ARIES requires two in-memory data structures to be maintained in the runtime. These two data structures are transaction table (TT) which describes the commit state of transactions, and dirty page table (DPT). Neither of them is persisted to the disk except for performing checkpoints. During recovery, these two tables are recoverd by replaying log records since the last checkpoint. The transaction table, as stated above, stores information of currently active transactions and their logging status. Typical fields include the transaction’s commit progress (not yet committed, or waiting for log records to be persisted), last log record written, and the next log record to undo if the transaction is halfway through a partial or full rollback. The dirty page table stores information for dirty pages currently in the buffer pool. ARIES only requires one field, the RecLSN (Recovery LSN), which is the smallest serial number of the log record that modifies the page since the last write back of the same page. During normal processing, the entry is updated to the log record number whenever a page is loaded into the buffer pool for writing, or when a write operation causes the buffer pool entry to become dirty. If a page is evicted from the buffer pool, the corresponding entry is removed. During recovery, however, the content of DPT does not strictly replicate the DPT before the failure. The reasoning behind is that ARIES always use log entries as the ultimate reference for performing recovery. DPT, on the other hand, only acts as a filter that prevents most unnecessary I/O when they are truly avoidable. False positives are possible, but they only affect recovery speed instead of correctness.
ARIES maintains all log entries in a logically serial log. The actual implementation may partition the serial log into multiple files. Each log entry has a Log Serial Number (LSN), which uniquely identifies: (1) The identity of the entry, and (2) The location of the entry in the log, which means that the content of the log entry can be found given the LSN. The LSN grows monotonically in all circumstances. A log entry may contain different information depending on its type. We list them as follows. First, the log entry contains the entry’s LSN, type and Transaction ID. These three fields are common to all log entries. Most log entries also have a PrevLSN field, which stores the LSN of the previous log entry written by the same transaction. The recovery routine could undo all uncommitted changes of a certain transaction by repeatedly following the PrevLSN until a NULL value is seen, without having to scan the entire log. If the log entry describes the modification to a page, it also has a page ID field, which stores the address that the modification is applied to. For log records generated during a rollback, a field UndoNextLSN stores the LSN of the next log entry that should be rolled back. This simplifies handling of transaction rollbacks, because the recovery routine only needs to use the most up-to-date entry to determine the next log entry from the same transaction that should be undone instead of scanning the log backwards. The last field of log entries is data. For normal write operations during normal processing, this field should contain both redo and undo information. For some log records, only redo information is present because they are part of the undo process, and cannot be undone.
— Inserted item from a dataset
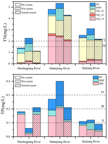 The results showed that the average TN concentration was 3.00 mg/L (Figure 2). The range was 1.12–3.35 mg/L; the highest was DLJR, and the lowest was MLJL, of which the TN concentration was the highest in the wet season of DLJR, which was 5.35 mg/L, and the lowest TN concentration in the normal season of MLJL was 1.12 mg/L. According to the Environmental Quality Standards for Surface Water in China [49], the water quality of MLJR in the wet season and the three seasons of DLJR and QJR was inferior to standard V (TN < 2 mg/L), the water quality in the wet season and normal season of MLJR was between standards III (TN < 1 mg/L) and IV (TN < 1.5 mg/L). The concentration levels of DIN and DON ranged from 0.93 to 4.23 mg/L and 0.01 to 1.06 mg/L, respectively, and DIN accounted for an average of 80.9% of TN, which was the main form of land-source TN. Among them, the main forms of DIN of MLJR and QJR were NO3−, accounting for an average of 86.8% and 84.4% of DIN of MLJL and QJR, respectively, while the main form of DIN of DLJR was NH4+, accounting for an average of 55.9% of its DIN. The average concentration of TP was 0.183 mg/L, ranging from 0.060 to 0.400 mg/L; the highest was DLJR, and the lowest was QJR, of which the TP concentration was the highest in the wet season of DLJR, which was 0.400 mg/L, and the lowest concentration of TP in the wet season of MLJL was 0.060 mg/L. The water quality of MLJR in the wet season and QJR in the normal season was better than standard II (TP < 0.1 mg/L), the water quality in the dry season of MLJR and the dry season and the wet season of QJR was between standards II and III (TP < 0.2 mg/L), the water quality of MLJL in the normal season and the dry season and the normal season of DLJR was between standards III and IV (TP < 0.3 mg/L), only the water quality in the wet season of DLJR was inferior to standard IV. In the land-source TP, the average concentration of PP was 0.056 mg/L, accounting for 30.3%. The average concentration of DOP was 0.019 mg/L, accounting for 10.3%. The average concentration of DIP was 0.109 mg/L, accounting for 59.4%, which was the main form of TP. In addition, the TN and TP concentrations of DLJR were higher in all seasons.

We then describe the operations of ARIES during normal operation. The ARIES paper assumes a lock-based transaction management system, but also claims that ARIES does not preclude other design options. In either case, transactions must acquire latches on the page if they wish to insert or modify an element on the page. This is because data modification may incur garbage collection or page reorganization, which requires mutual exclusion on the page. The log record can only be appended to the log while the page latch is held by the modifying transaction. This is to ensure that, for every page, the order of log records is consistent with the order of actual page modifications happening physically. If this property is violated, it is possible that two log records on the same page are written out-of-order. During redo phase, these two entries will then be applied also in the wrong order, causing data corruption in some cases (e.g. redo logging is operational). While appending the log, the transaction manager computes the pre- and after-image of the data item to be modified, and fills in the PrevLSN field with the previous LSN the transaction has written (using the entry in the transaction table). On each persistent page, ARIES also maintains a LSN field called PageLSN. This field is updated whenever a log entry is generated for that page, and will be written back to disk with the page (the easiest way is to make the field part of the page). When the buffer pool decides to evict a page, according to the WAL property, log entries upto the entry that modifies the page must be written back before the page. In this case, the buffer pool manager reads the PageLSN field, and writes back all log entries upto the one indicated by the PageLSN.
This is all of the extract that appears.